Our lab uses ddRAD (a variant from the family of RAD-seq methods) for simultaneous SNP detection and genotyping. To find homologous loci across multiple individuals, we first cluster reads within an individual, based on some identity threshold (e.g. 90% similarity = same locus), and then do the same among all individuals in order to build a catalog of homologous sites across all individuals, again using some identity threshold. We do this using the program Vsearch (a centroid-clustering algorithm) as implemented by the pipeline pyRAD, but other popular RAD-seq assembling pipelines use a similar methodology (e.g. STACKS).
My question is: How do we determine the "optimum" identity threshold for clustering? The issue is that if we have a threshold which is too strict, we erroneously split loci, but if our threshold is too relaxed we over-merge loci (for example clumping paralogs together).

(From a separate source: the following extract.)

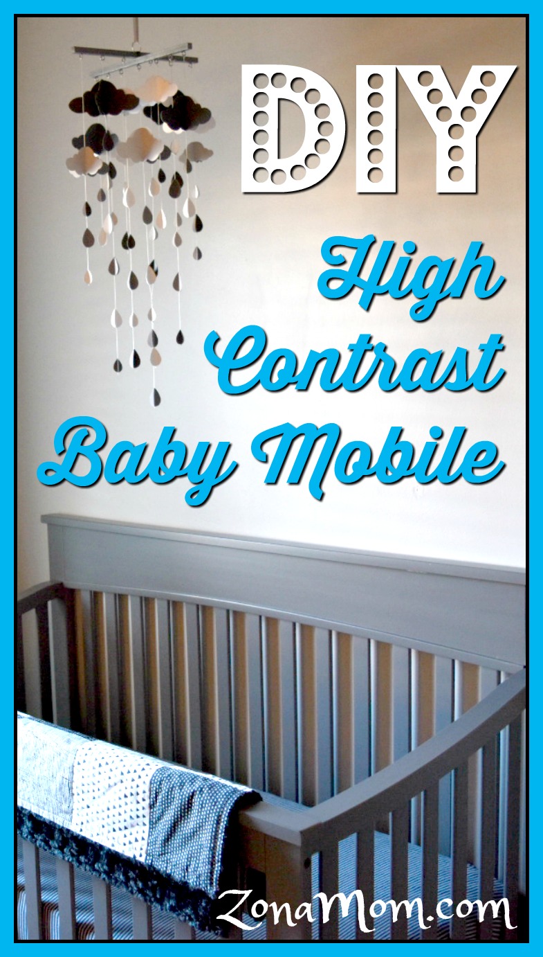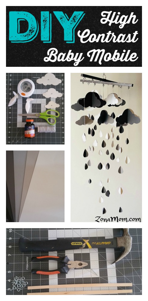 Hello again readers! This past weekend I had been looking through my photo library and came across some images of a DIY high contrast baby mobile project I did while I was pregnant with my now almost 15 month old. During my serious nesting phase of pregnancy is when we really started to put together my son’s nursery. We were on a budget of course (babies are pretty expensive) and we wanted to do as much as possible of the nursery decor ourselves. Without any specific theme in mind we decided to just go with things that we liked and our four favorite colors. The colors we chose to decorate around were a plum-ish purple, teal, grey and black. When it came time to chose a mobile for over the crib I had no idea what I wanted or what to look for. I read about how high contrast mobiles help with brain development in infants, I knew that is what I wanted.

We have put some thought into this in our lab by looking at the relationship between various descriptors of our dataset and varying clustering thresholds (e.g. within-cluster genetic distance, number of parsimonious informative sites, number of loci failing paralog detection filtering, etc) but I am still having difficulty coming up with a logic for choosing a threshold.
And of course this could also be done by considering the phylogenetic context- e.g. using timescale and mutation rate to predict average genetic distance within a locus, but this involves making a priori assumptions.